Are you trying to save IP addresses? Allowing the customers to share the same broadcast domain is dangerous, involves fate sharing. Unless you can enforce it somewhere else in the infrastructure (many access lists or similar tools) can only be cumbersome and posse as a highly complex operational model. Is there a hard constraint? is there any other reason behind this request? cant you simply segment them through subnetting? maybe even PVLANs come to my mind if you need/must go down this road, alas, it would not prevent a customer from using an unauthorized IP address and affecting some other customer's operation. The best is always to keep them "together but not scrambled" - with their own playground.

David

Seth Beauchamp · ‎08-27-2019

@David Samuel Penaloza Seijas wrote:
Hello @Seth Beauchamp
 
Are you trying to save IP addresses? Allowing the customers to share the same broadcast domain is dangerous, involves fate sharing. Unless you can enforce it somewhere else in the infrastructure (many access lists or similar tools) can only be cumbersome and posse as a highly complex operational model. Is there a hard constraint? is there any other reason behind this request? cant you simply segment them through subnetting? maybe even PVLANs come to my mind if you need/must go down this road, alas, it would not prevent a customer from using an unauthorized IP address and affecting some other customer's operation. The best is always to keep them "together but not scrambled" - with their own playground.

David

We were thinking to put the whole subnet behind a single public NAT address so we aren't burning tons of public IPs. Of course we can split them into /31s per customer but that takes a bit more effort burning another vlan, setting up a sub interface, etc. I think thats likely what we will do, but I was searching for any other option. Sounds like its that or take the risk.

daniel.dib · ‎08-27-2019

Seth,

I want to highlight that even though the solution is able to work behind NAT, there are still considerations for not turning this into an operational nightmare.
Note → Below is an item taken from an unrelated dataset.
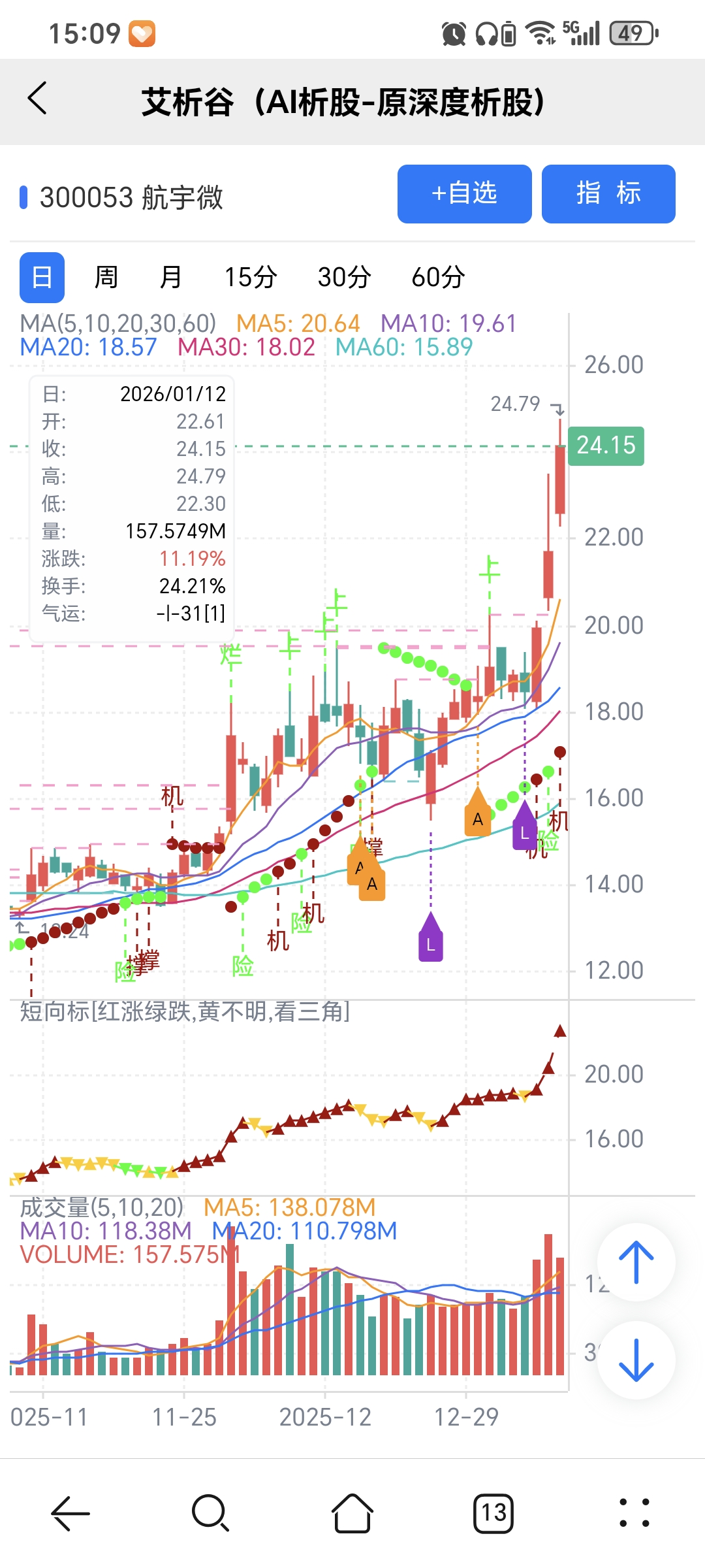 AI模型选股,量化指标识别关键点,简单技术分析确定买卖点,结合量化和人工综合运用,才能有优势。 航宇微

The vEdge routers form control sessions with the controllers using DTLS/TLS. If using DTLS, this is done by using UDP in the port range of 12346 to 12446, where 12346 is the base port. This means that you will have several devices trying to communicate through the NAT device with the same source port. When the NAT device tries to translate the source IP, it will not be able to maintain the source port for all of the Edge devices. Now, there are methods to select a different base port and to do port hopping, but it is more complex than if they were behind no NAT or 1:1 NAT.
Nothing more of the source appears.